There’s obviously a lot to do and a big part of the complexity comes from the number of actors. There’s no actor alone that can fix it.

If you look at your entire travel, you’re going to be in touch with a travel agent, an airline, an airport, with a hotel. Then, you’ve got all the other players like the vendors plus you need to add on top of that local government and regulations. And, that makes things crazy complicated, because not one actor alone can make it better. I truly believe that Amadeus is one of those companies that has a role to play because we’re present in so many touch points. When you do your [travel] shopping on a website it’s likely to be Amadeus. Between airline and travel agency website, it might be an Amadeus touch point or it will be just behind, and when booking it will probably come to Amadeus. Then check-in at the airport, you’re  boarding and all of that is in a way driven by Amadeus so we have a role to play across the entire journey.
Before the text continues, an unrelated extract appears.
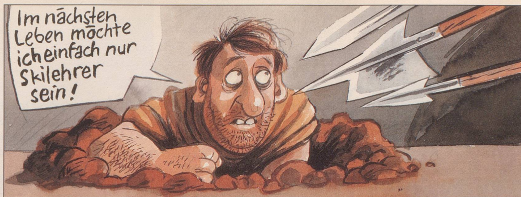
IWAN RASCHLE/ERNST FEURER-METTLER

aber wegen fehlerhafter Berechnungen inmitten des Wachlokals das Tageslicht, worauf er ausgerufen haben soll: «Hätte ich doch zwei Löcher gegraben!» Ob ihm das tatsächlich zur Flucht verholfen hätte, ist aus heutiger Sicht zwar höchst zweifelhaft, zeigt uns aber eindrücklich, dass Dölfs Gedankengänge schon damals eher slalomartig verliefen.

How far are we from really making that better? I think we have more and more capabilities to actually align the sectors. From a technology perspective, what we’re doing is introducing an event-driven architecture. Today we have a service-oriented architecture which is huge, we have thousands and thousands of micro services. We’re complementing that with an event-driven architecture.

Why? Because the thing with event is you can monitor the overall travel journey and react in real time. It’s not like services where it’s two applications calling each other, it’s events flowing into the system and allowing applications to realize what is happening. Then we can have an application that is able to follow the traveler, be more reactive in real time and more supportive.